I don't know if it's the whole "I hate writing" so much as it is "I hate writing about this" sort of thing. I love to write. Any person who loves to write, can spend hours on end just writing. If you don't like it, then I'm sorry, you just ain't a writer.
The easy part is starting. The hard part is what happens in between because you want to get to that golden gate of an ending, though in reality it's the journey that's gonna make that ending worthwhile.
I can't do deadlines. I can't overplan because then the whole story loses it's flavour and sponteneity. Failure isn't an option until whatever I've written is written.
Then again, I've never really been in a situation where money is on the line...or even on the horizon, so my point of view may be askew in that sense.

submeg.com said...

An interesting take on this! I was looking at goals in general - and lack of motivation and no driving force is the reason I think people fail.

The idea of a writing buddy is a good idea! Need to find out who to lean towards!

Reagan Philips said...

Personally I love writing, it's the revising I'm not so fond of.
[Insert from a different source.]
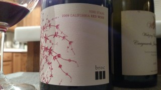 Medium garnet with wide amber edges. Big floral, maple bar, ever-so-slightly oxidized fattiness layered on lush too-sweet fruit. Grainy pepper over mild but lush oak. Another Broc offering, and you can somewhat start to feel the approach early on in the palate. This stuff is clean and focused, not as briary and tannic as I like in a zin–this is an easy-drinking quaffer–but with commendable density. In the mouth, mellow and easy, curling pruney in a couple of watery corners. A decent spice pops up before heading off into a sweet sunset completely devoid of tannin. 13-5 ♦
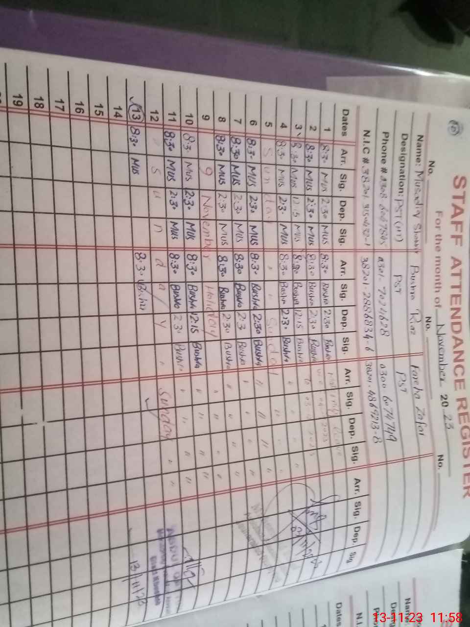 | Name: Mu**** Sh**** Designation: (School Headmaster's/Headmistress's) PST Phone/Cell Number: 03**** |

Sometimes it's good, but after one too many critters to spoil the broth if you will, the revising feels--like different soup.

So I use writing a new story as my reward for getting revising done. IF I revise to set goal, I can write. Rewards motivate everyone, it's finding the right reward that makes it effective.

VonMalcolm said...

The Deadlines with Teeth is a good suggestion: just make the deadline goal reasonable, otherwise that deadline will lose its teeth fast!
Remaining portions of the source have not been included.